Opinion
No. 1 CA-IC 14-0011
03-03-2015
COUNSEL Taylor & Associates, PLLC, Phoenix By Weston S. Montrose Counsel for Petitioner Employee The Industrial Commission of Arizona, Phoenix By Andrew F. Wade Counsel for Respondent Special Fund Division/No Insurance Section, Phoenix By Valli Goss Counsel for Respondent Party in Interest
NOTICE: NOT FOR OFFICIAL PUBLICATION. UNDER ARIZONA RULE OF THE SUPREME COURT 111(c), THIS DECISION IS NOT PRECEDENTIAL AND MAY BE CITED ONLY AS AUTHORIZED BY RULE. Special Action - Industrial Commission
ICA Claim No. 20131-160427
Carrier Claim No. None
Anthony F. Halas, Administrative Law Judge
AWARD AFFIRMED
COUNSEL Taylor & Associates, PLLC, Phoenix
By Weston S. Montrose
Counsel for Petitioner Employee
The Industrial Commission of Arizona, Phoenix
By Andrew F. Wade
Counsel for Respondent
Special Fund Division/No Insurance Section, Phoenix
By Valli Goss
Counsel for Respondent Party in Interest
MEMORANDUM DECISION
Presiding Judge Jon W. Thompson delivered the decision of the Court, in which Judge Donn Kessler and Judge Kent E. Cattani joined. THOMPSON, Presiding Judge:
¶1 This is a special action review of an Industrial Commission of Arizona (ICA) award and decision upon review for a noncompensable claim. The petitioner employee (claimant) presents one issue on appeal: whether the respondent employer, Ron Chappell Painting, LLC (Chappell), was an employer subject to the Arizona Workers' Compensation Act. Because we find that Chappell did not regularly employ any workers at the time of the claimant's injury, we affirm the award.
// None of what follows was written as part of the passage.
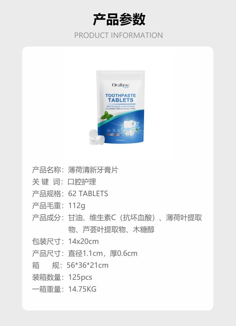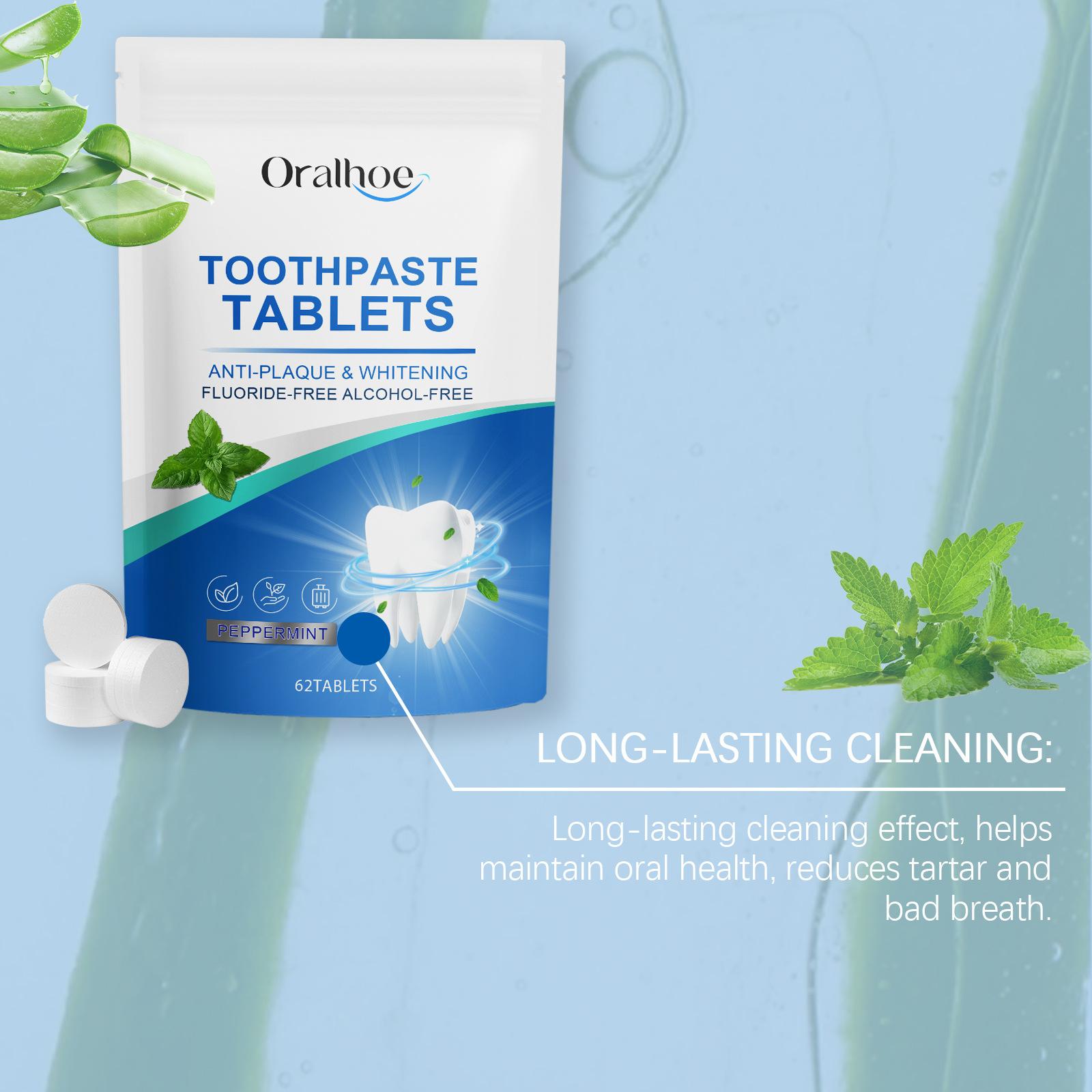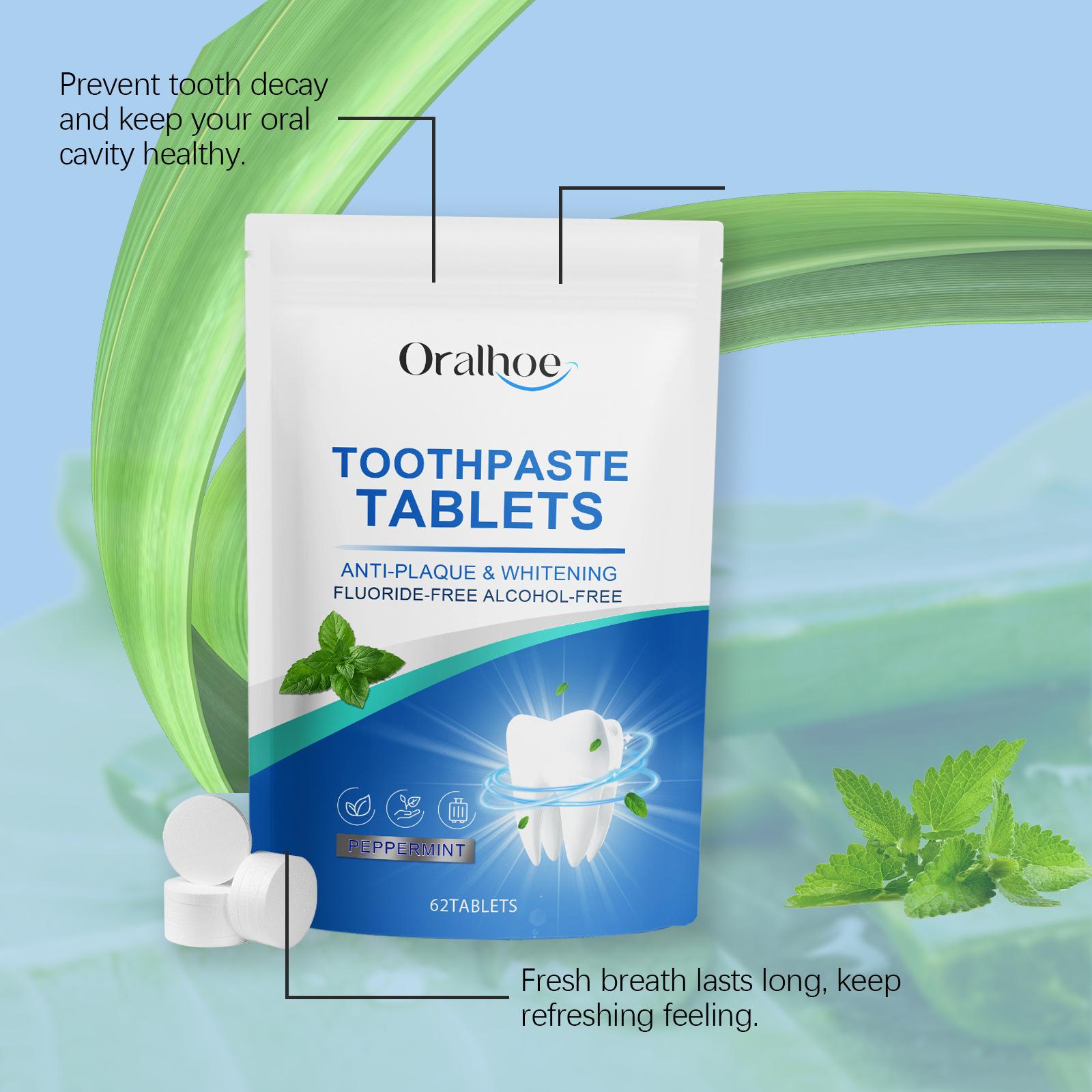 Comprimidos de Pasta de Dente Oralhoe Menta Fresca Limpam Manchas nos Dentes Limpeza Bucal Comprimidos para Cuidado da Superfície dos Dentes

JURISDICTION AND STANDARD OF REVIEW
¶2 This court has jurisdiction pursuant to Arizona Revised Statutes (A.R.S.) sections 12-120.21(A)(2) (2003), 23-951(A) (2012), and Arizona Rules of Procedure for Special Actions 10 (2009). In reviewing findings and awards of the ICA, we defer to the ALJ's factual findings, but review questions of law de novo. Young v. Indus. Comm'n, 204 Ariz. 267, 270, ¶ 14, 63 P.3d 298, 301 (App. 2003). We consider the evidence in a light most favorable to upholding the ALJ's award. Lovitch v. Indus. Comm'n, 202 Ariz. 102, 105, ¶ 16, 41 P.3d 640, 643 (App. 2002).
Absent material revisions after the relevant dates, statutes and rules cited refer to the current version unless otherwise indicated.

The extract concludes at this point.